Dissociate PDF
Hi,
I use "metadata retrieval" to find data for many pdf. But in certain cases, data is completely false. I'm searching how to make the correction. If I delete the entry, it throw also the pdf. How I can dissociate the pdf from the metadata attach to it?
Thanks
Mel
I use "metadata retrieval" to find data for many pdf. But in certain cases, data is completely false. I'm searching how to make the correction. If I delete the entry, it throw also the pdf. How I can dissociate the pdf from the metadata attach to it?
Thanks
Mel
If this happens a fair amount we'd be interested to know about the PDF (e.g. a link if it's somewhere online) - retrieve metadata is designed to have a very low rate of false positives.
Sorry for long delay but I had many files and I was blocked a lot of times by google scholar...
So from my 2000 pdf, I get :
- many which was not found, but they are too old, not indexed, or always from the same journal (J Hepatol) which have a really poor metadata extraction (also tested by Jabref)
- Those 5 pdf with various errors; not the good author, title or journal: http://ubuntuone.com/42q7ZShd6NAgQAm9fSFMaX
Thanks for drag tips, I never saw that before.
Mel
- Groeneweg et al Hepatology 1998 28.pdf - picks up an ISBN from the bibliography. Maybe restrict ISBN more?
- Holroyd & Overdyke J Neuropsychiatry Clin Neurosci 2012 24(3).pdf
This is just bad luck. They published two nearly identical articles _and_ google scholar's data for the first one is flawed. Not much we can do about that.

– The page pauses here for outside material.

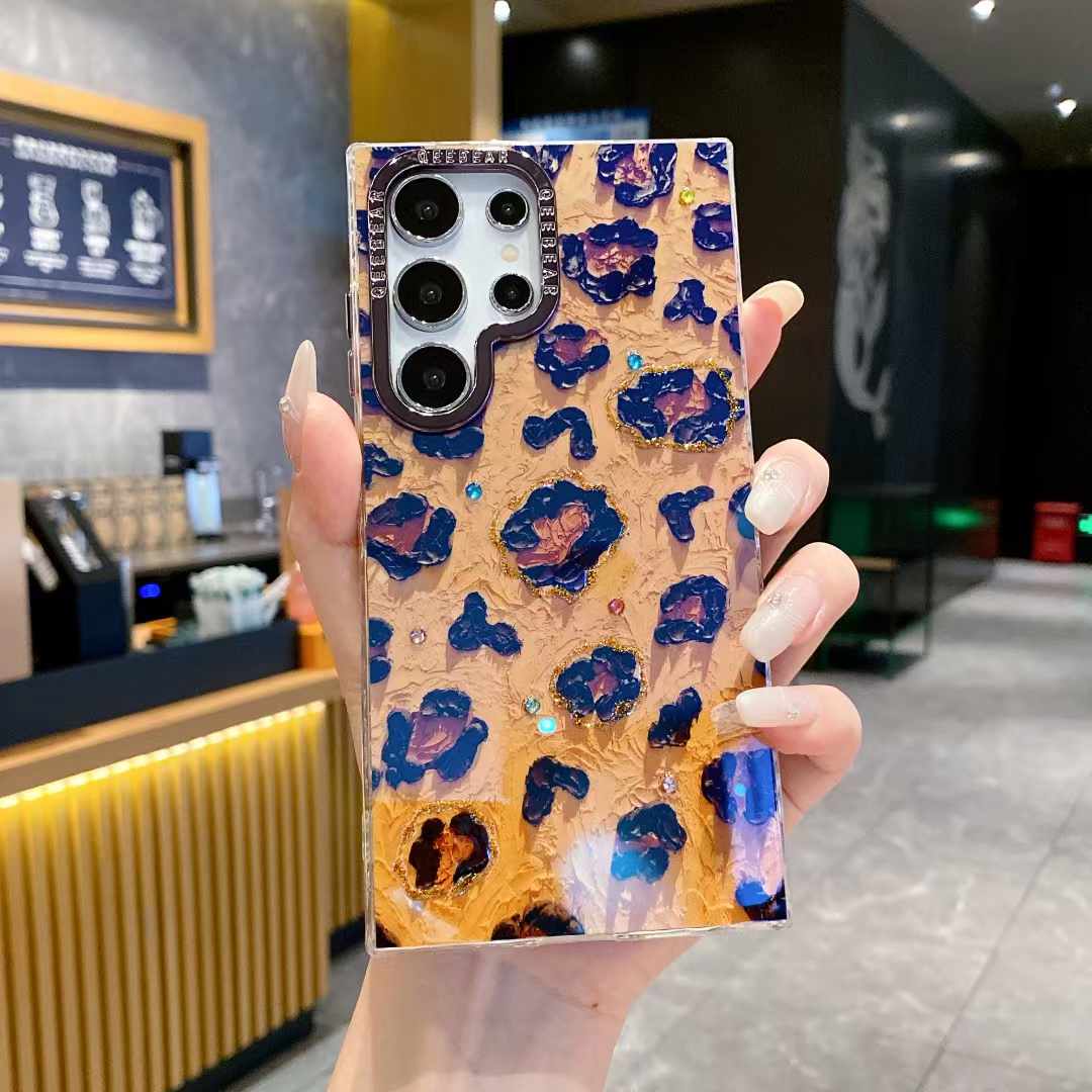 For Samsung S25 S24 S23 S22 A34 A35 A53 A54 A55 Note20Ultra Phone Case, Luxury Panda Leopard Rainbow Butterfly Elephant Oil Painting Metal Camera Frame Anti-drop Hard Shockproof Full Cover

http://scholar.google.com/scholar?q="had elevated ammonia. This occurred in" "visual perception, construction," "treatment of dementia with behavioral" "of VPA in this population, potential side" "this retrospective, chart-review study, all patients" &hl=en&lr=&btnG=
- Mike Garcia Mdel Ann Hepatol Jun 10 Suppl 2.pdf
This works correctly, just doesn't get complete data, because google scholar doesn't have anything beyond author and title. Nothing to be done.
- Filippini et al Reumatismo 2002 54(2).pdf
gets everything but the year right for me (and uses English title). Year comes from google scholar, but generally I think that's pretty good.
- Jalan J Hepatol 2010 Sep 53(3).pdf
is a review of the study Zotero retrieves and contains large amounts of verbatim text from the original study. I doubt we can do much about that.
So I'd call this three false positives. The first one I think we might be able to avoid, which would bring us down to two. In either case, we're looking at false positive rates in the range of .1-.25 percent, that seems pretty reasonable to me.
How about first x pages _and_ first 25%?
Generally super-short books are likely very rare. My concern would be
1. Items where Zotero just isn't able to index much of the text, but does find the ISBNs
2. Reports or other potentially short items which may get an ISBN
both of these are unlikely scenarios, but not sure how much.
If you meant text, then maybe we can bump the number of extracted pages to, say, first 10 and then only search first 50% of text. That should skip references in most cases.